ArangoDB v3.8 reached End of Life (EOL) and is no longer supported.

This documentation is outdated. Please see the most recent version at docs.arangodb.com

WINDOW

Aggregate adjacent documents or value ranges with a sliding window to calculate running totals, rolling averages, and other statistical properties

The WINDOW operation can be used for aggregations over adjacent documents, or preceding and / or following rows in other words. It can also aggregate based on a value or duration range relative to a document attribute.
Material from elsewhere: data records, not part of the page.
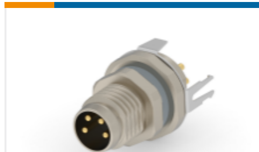
TE 产品编号T4040034041-000 M8.MLE.PNLREAR.4POS.STR PCBSHLD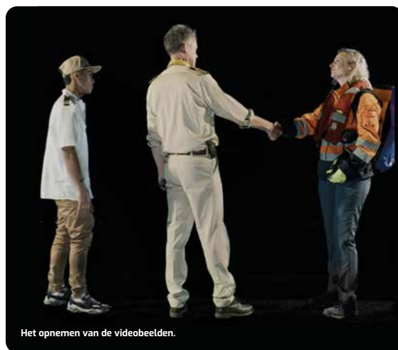
Het opnemen van de videobeelden.

“De haven is enorm belangrijk voor iedereen in Nederland maar dat weten de meeste mensen niet. Daarnaast biedt de haven veel leuk werk maar dat is ook vaak niet bekend.”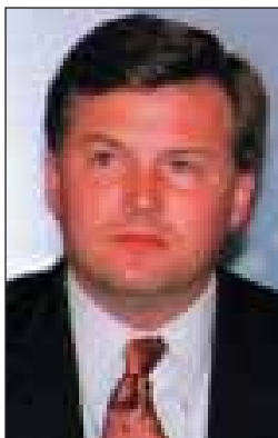
Sven Lindholm portparol Misije OEBS na Kosovu

slučajevim naziva decentralizacijom. Ovi koncepti imaju sličnu osnovu, ali su u suštini prilično različiti. Reformom lokalne uprave zajednicama se omogućuje da na bolji način rešavaju probleme od postojećih opštinskih uprava, dok decentralizacija predstavlja prenos centralnih ovlašćenja na niži nivo uprave.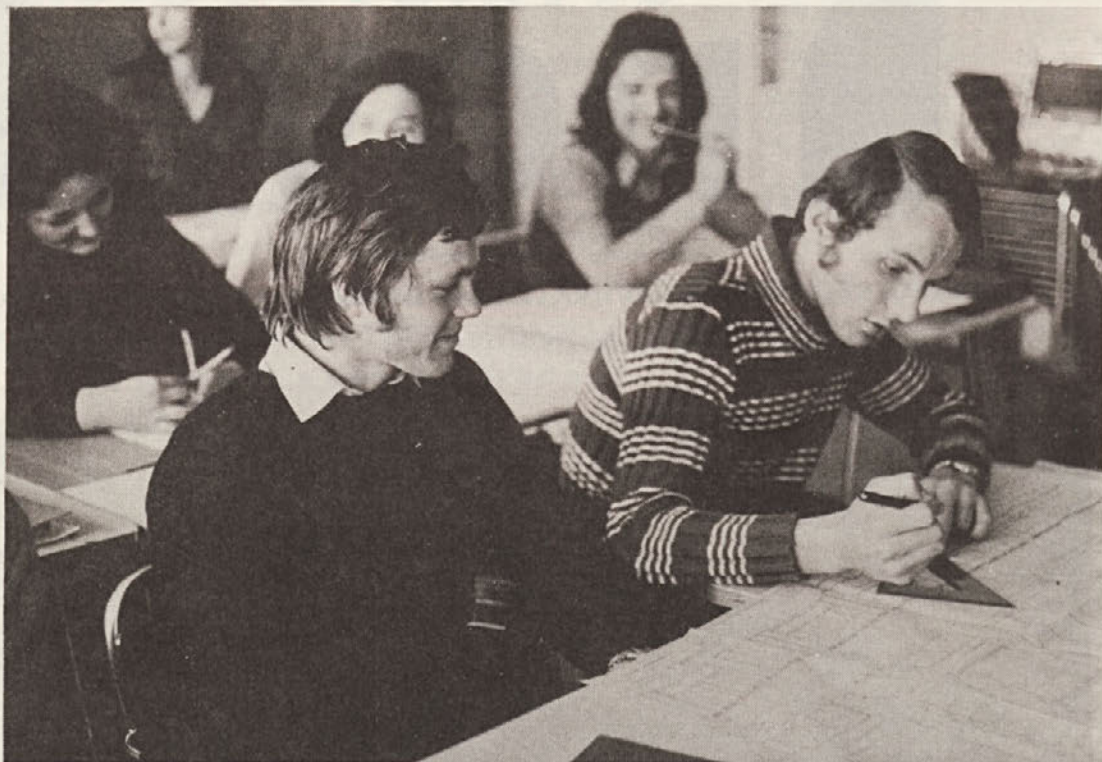
Kar se naučimo v šoli, moramo znati uporabljati na delovnem mestu.

Ob tem se je treba zamisliti: človek toliko velja, kolikor zna. In tudi ob tem: kar se Janezek nauči, to Janez zna. Zna – in to se mu tudi pozna. Recimo ob koncu meseca ali okrog petnajstega, ko zažvenkečejo na plačilni dan beliči. Kdor malo zna, manj zmore, njegov zaslužek gotovo ne more biti tolikšen kot tistega, ki ima „glavo na pravem koncu“. Znati, izobraževati se – za življenje, kot so učili v šoli – to je poziv časa.

The operation performs a COLLECT AGGREGATE-like operation on a set of query rows. However, whereas a COLLECT operation groups multiple query rows into a single result group, a WINDOW operation produces a result for each query row:

  • The row for which function evaluation occurs is called the current row.
  • The query rows related to the current row over which function evaluation occurs, comprise the window frame for the current row.

Window frames are determined with respect to the current row:

  • By defining a window frame to be all rows from the query start to the current row, you can compute running totals for each row.
  • By defining a frame as extending N rows on either side of the current row, you can compute rolling averages.

SyntaxPermalink

There are two syntax variants for WINDOW operations.

Row-based (adjacent documents):

WINDOW { preceding: numPrecedingRows, following: numFollowingRows } AGGREGATE variableName = aggregateExpression

Range-based (value or duration range):

WINDOW rangeValue WITH { preceding: offsetPreceding, following: offsetFollowing } AGGREGATE variableName = aggregateExpression

Calls to the following functions are supported in aggregation expressions:

  • LENGTH() / COUNT()
  • MIN()
  • MAX()
  • SUM()
  • AVERAGE() / AVG()
  • STDDEV_POPULATION() / STDDEV()
  • STDDEV_SAMPLE()
  • VARIANCE_POPULATION() / VARIANCE()
  • VARIANCE_SAMPLE()
  • UNIQUE()
  • SORTED_UNIQUE()
  • COUNT_DISTINCT() / COUNT_UNIQUE()
  • BIT_AND()
  • BIT_OR()
  • BIT_XOR()

Row-based AggregationPermalink

The first syntax form of WINDOW allows aggregating over a fixed number of rows, following or preceding the current row. It is also possible to define that all preceding or following rows should be aggregated ("unbounded"). The number of rows has to be determined at query compile time.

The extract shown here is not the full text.